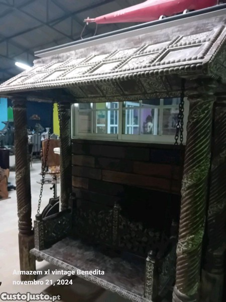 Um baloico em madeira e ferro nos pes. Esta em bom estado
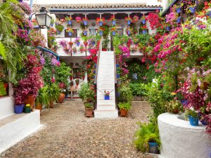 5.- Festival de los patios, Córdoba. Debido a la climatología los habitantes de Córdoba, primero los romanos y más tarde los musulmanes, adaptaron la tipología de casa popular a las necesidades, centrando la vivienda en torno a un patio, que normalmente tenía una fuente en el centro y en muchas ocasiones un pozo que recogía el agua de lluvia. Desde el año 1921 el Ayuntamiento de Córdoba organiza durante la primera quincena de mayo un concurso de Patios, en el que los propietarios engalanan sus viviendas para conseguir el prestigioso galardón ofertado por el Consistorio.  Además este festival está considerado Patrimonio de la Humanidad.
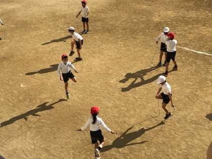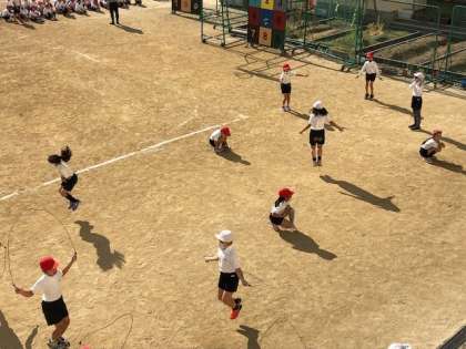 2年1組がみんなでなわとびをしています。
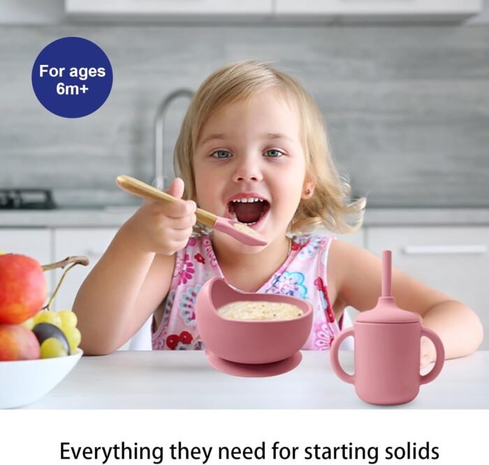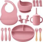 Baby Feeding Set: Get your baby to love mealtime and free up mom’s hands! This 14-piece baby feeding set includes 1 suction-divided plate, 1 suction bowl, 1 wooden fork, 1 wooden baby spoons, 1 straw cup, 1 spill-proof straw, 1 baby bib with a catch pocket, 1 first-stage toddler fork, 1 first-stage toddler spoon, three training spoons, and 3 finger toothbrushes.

════════

Everything from the line above that contains "5.- Festival de" down to the line that contains "2年1組がみんなでなわとびをしています。" must be reproduced exactly, both ends included. Omit the pictures.

 5.- Festival de los patios, Córdoba. Debido a la climatología los habitantes de Córdoba, primero los romanos y más tarde los musulmanes, adaptaron la tipología de casa popular a las necesidades, centrando la vivienda en torno a un patio, que normalmente tenía una fuente en el centro y en muchas ocasiones un pozo que recogía el agua de lluvia. Desde el año 1921 el Ayuntamiento de Córdoba organiza durante la primera quincena de mayo un concurso de Patios, en el que los propietarios engalanan sus viviendas para conseguir el prestigioso galardón ofertado por el Consistorio.  Además este festival está considerado Patrimonio de la Humanidad.
 2年1組がみんなでなわとびをしています。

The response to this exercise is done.